Nelle scuole a Cormons aule con banchi nuovi

/ Cormons
A Cormons si rientrerà in tutta sicurezza a scuola il prossimo 14 settembre senza la necessità né di separare le classi, né di fare ricorso a lezioni online. Lo annuncia l’amministrazione comunale dopo aver trovato un accordo su questi temi con la dirigenza scolastica dell’Istituto Comprensivo cormonese.
Fitti i colloqui tra le due parti nelle ultime settimane, volti ad arrivare all’obiettivo prefissato, quello cioè di permettere finalmente la ripartenza delle lezioni di elementari e medie a scuola con l’inizio del nuovo anno didattico. E pian piano le due parti sono riuscite a superare tutti gli scogli previsti dalle nuove normative senza giungere a soluzioni drastiche come appunto quella, dai più temuta, di dover separare classi o ancor peggio di dover far svolgere alcune lezioni online da casa.

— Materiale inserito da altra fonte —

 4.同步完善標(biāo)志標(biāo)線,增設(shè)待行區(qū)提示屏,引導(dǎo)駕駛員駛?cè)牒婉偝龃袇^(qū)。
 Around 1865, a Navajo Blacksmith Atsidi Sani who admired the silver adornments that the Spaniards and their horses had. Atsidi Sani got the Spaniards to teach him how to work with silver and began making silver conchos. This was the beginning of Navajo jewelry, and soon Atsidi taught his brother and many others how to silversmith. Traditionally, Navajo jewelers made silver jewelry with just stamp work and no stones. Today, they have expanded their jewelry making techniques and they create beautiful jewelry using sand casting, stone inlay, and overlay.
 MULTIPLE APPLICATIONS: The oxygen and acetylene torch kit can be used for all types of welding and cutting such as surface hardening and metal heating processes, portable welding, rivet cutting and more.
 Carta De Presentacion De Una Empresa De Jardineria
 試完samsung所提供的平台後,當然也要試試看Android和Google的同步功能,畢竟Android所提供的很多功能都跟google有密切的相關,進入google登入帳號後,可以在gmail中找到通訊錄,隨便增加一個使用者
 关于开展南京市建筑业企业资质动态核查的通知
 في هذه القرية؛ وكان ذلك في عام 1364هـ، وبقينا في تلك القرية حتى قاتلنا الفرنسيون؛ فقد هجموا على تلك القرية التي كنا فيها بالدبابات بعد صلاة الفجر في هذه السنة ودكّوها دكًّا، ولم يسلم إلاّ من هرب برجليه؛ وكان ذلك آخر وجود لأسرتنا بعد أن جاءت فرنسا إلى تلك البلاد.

Il problema è stato risolto in due maniere: il distanziamento fisico tra i bambini sarà possibile sia grazie alla presenza di banchi singoli, già acquistati dal Comune in questi ultimi anni nell’ambito di una serie di interventi di riqualificazione sull’edilizia scolastica, sia grazie alla soluzione di collocare le classi più numerose nelle stanze più ampie dell’istituto (diventerà ad esempio a tutti gli effetti aula scolastica la sala Boegan utilizzata solitamente come aula magna della scuola), mentre quelle con i numeri più risicati potranno occupare stanze dalle dimensioni minori.

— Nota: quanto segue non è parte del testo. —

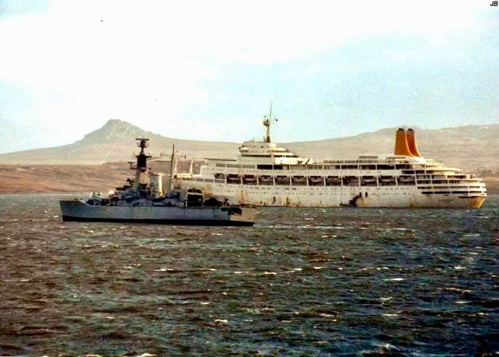 Ano. Vizuálně spíš pochcaná bílá velryba, ale budiž. Je to S/S Canberra u Falkland.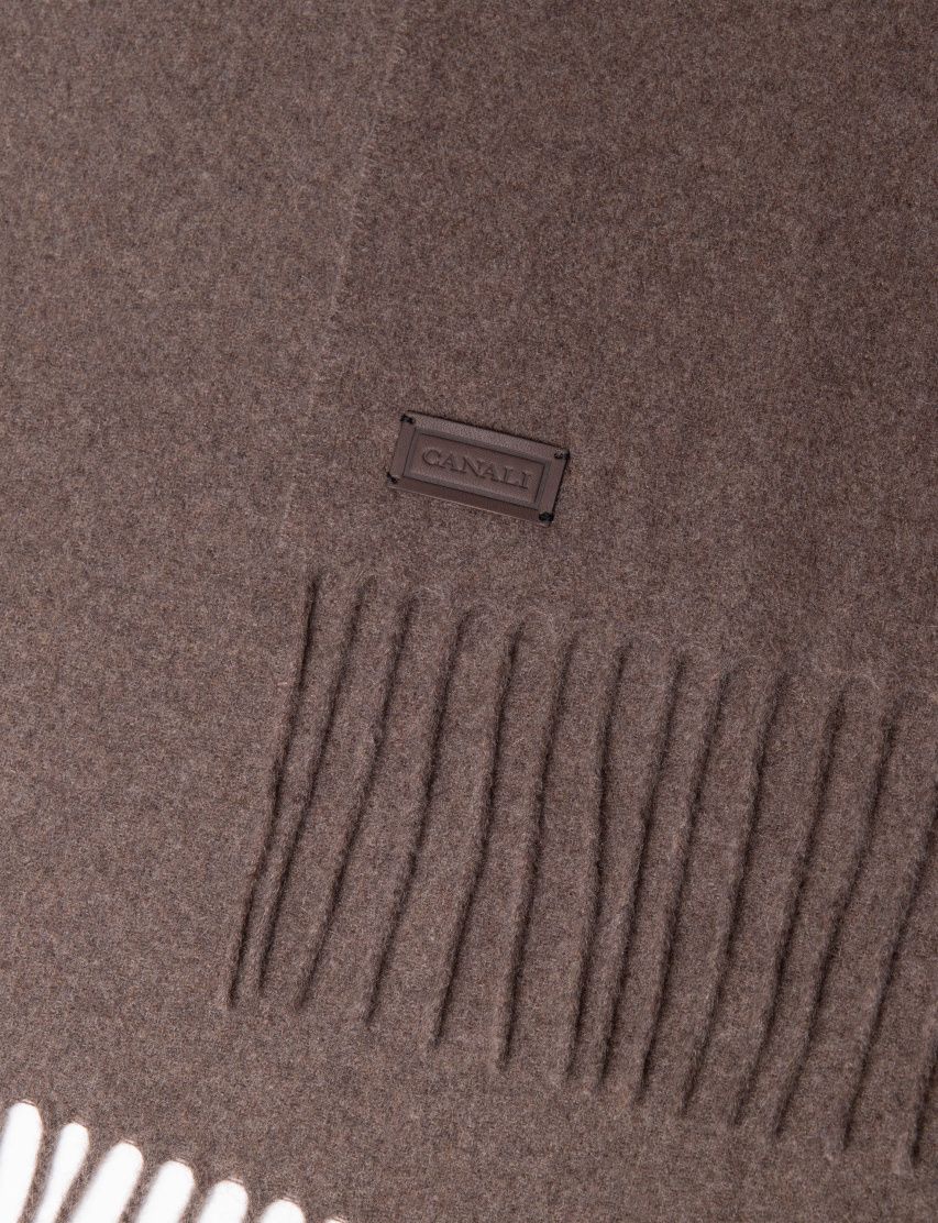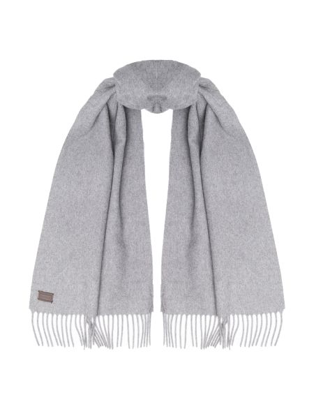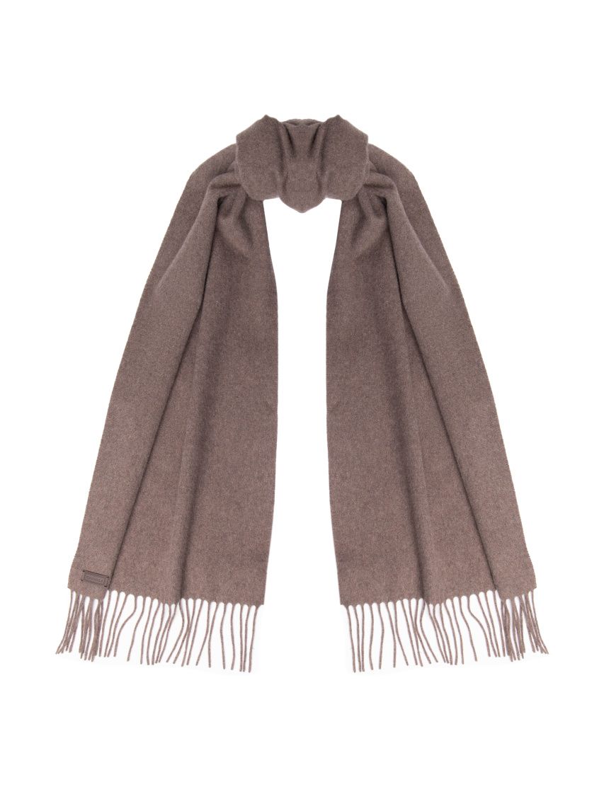 Широкий шарф из чистого кашемира прекрасно дополнит зимний гардероб. Аксессуар с бахромой по краям декорировали кожаным патчем с тисненым логотипом.
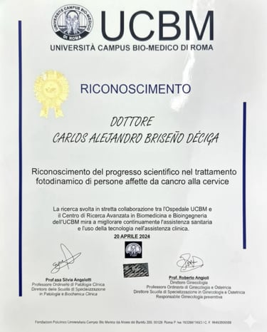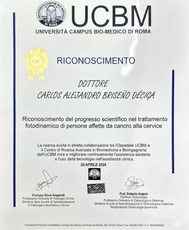 Agradecemos a la Universidad Bio-Médica de Roma por el reconocimiento otorgado a nuestro fundador, debido a su avance notable en el uso de la terapia fotodinámica para el tratamiento del cáncer cervicouterino.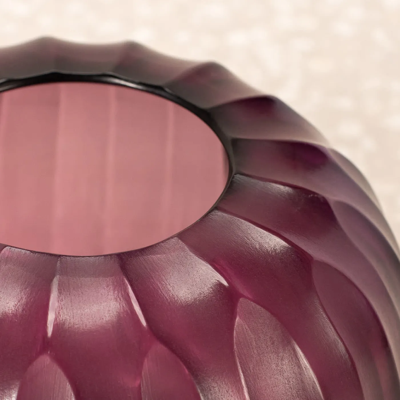 Chiamato così per la sua giocosa somiglianza con il riccio di mare, questo singolare vaso è una vetrina dell’esperienza artigianale. Soffiato a bocca in un vaso, il corpo rigonfio viene inciso a freddo per ottenere la sua caratteristica texture scanalata, seguita da una fase di perfezionamento con la tecnica della molatura. I meravigliosi riflessi della luce derivano dall’interazione tra la luce e i suoi dettagli dinamici.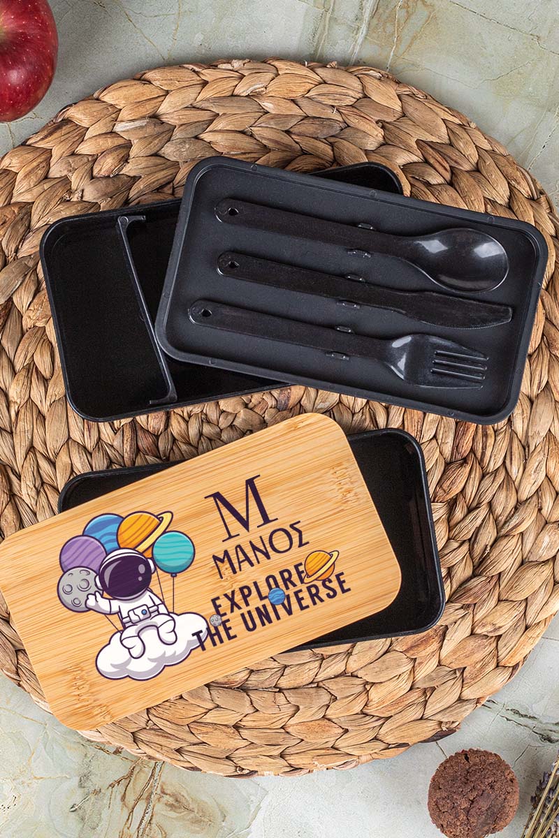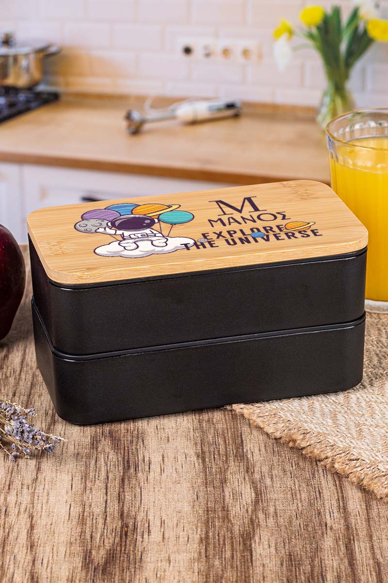 Παιδικό δοχείο φαγητού υψηλής ποιότητας, με 2 επιπέδα & εκτυπωμένο το όνομα του παιδιού ώστε να το ξεχωρίζει στο σχολείο!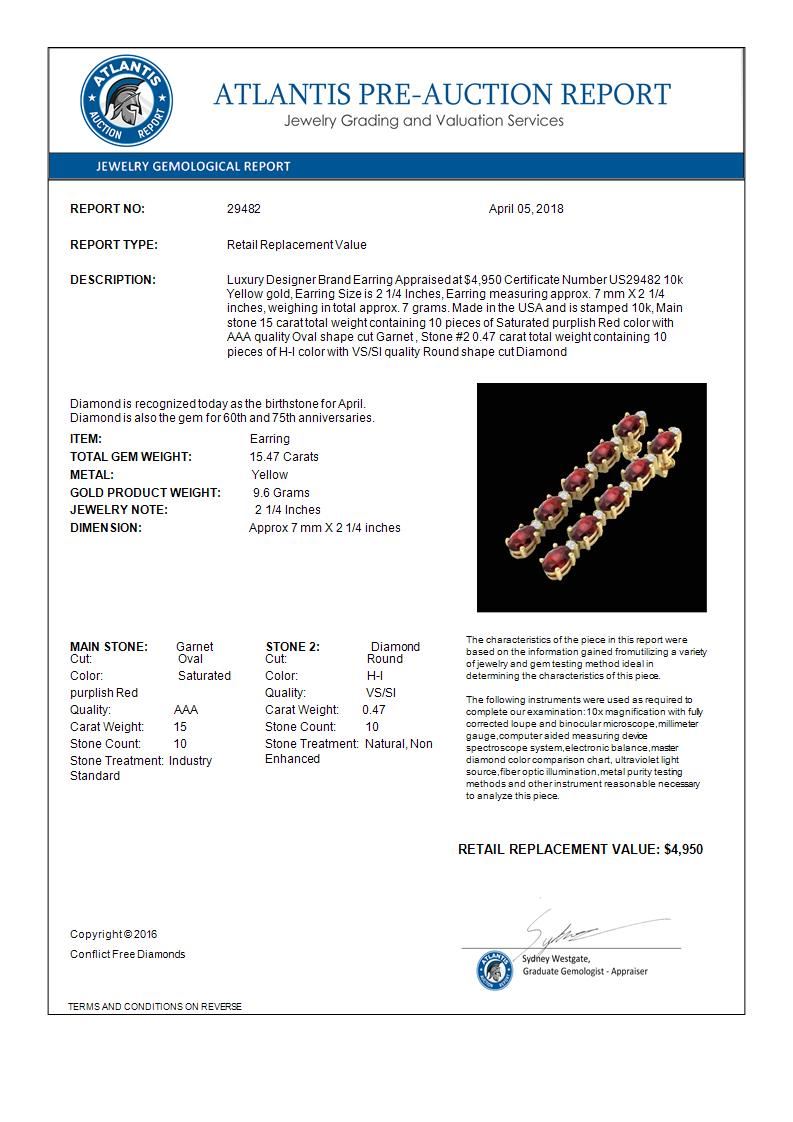 REF-74W8F -29482 ---- 15.47 CTW Garnet & VS/SI Certified Diamond Tennis Earrings 10K Yellow Gold ---- Luxury Designer Brand Earring Appraised at $4,950 Certificate Number US29482 10k Yellow gold, Earring Size is 2 1/4 Inches, Earring measuring approx. 7 mm X 2 1/4 inches, weighing in total approx. 7 grams. Made in the USA and is stamped 10k, Main stone 15 carat total weight containing 10 pieces of Saturated purplish Red color with AAA quality Oval shape cut Garnet , Stone #2 0.47 carat total weight containing 10 pieces of H-I color with VS/SI quality Round shape cut Diamond

Insomma, si ottimizzeranno gli spazi esistenti senza fare ricorso nemmeno ad un’altra idea emerse negli ultimi tempi: quella di adibire ad aula scolastica una delle palestre. «Sarebbe stata una soluzione complicata – racconta la vicesindaco e assessore all’Istruzione Antonietta Fazi – perché avrebbe comportato ingenti costi di separazione ed insonorizzazione degli spazi interni alla palestra. Avendo a disposizione, grazie agli investimenti svolti dalla nostra amministrazione in questi anni, arredi scolastici consoni alle necessità di distanziamento sociale con banchi singoli e più stretti, possiamo tenere i ragazzi nelle loro classi senza dividerli in più gruppi, semplicemente dedicando le aule più grandi alle classi più numerose e così poi a scalare con quelle dai numeri meno alti. Non servirà nemmeno cambiare turni degli insegnanti».
«L’unica novità in fase di studio potrebbe essere quella di anticipare leggermente gli orari d’ingresso diversificandoli in modo da evitare assembramenti all’entrata - nota Fazi -. Vogliamo insomma garantire una normale riapertura arrecando meno impatto possibile per bambini e famiglie».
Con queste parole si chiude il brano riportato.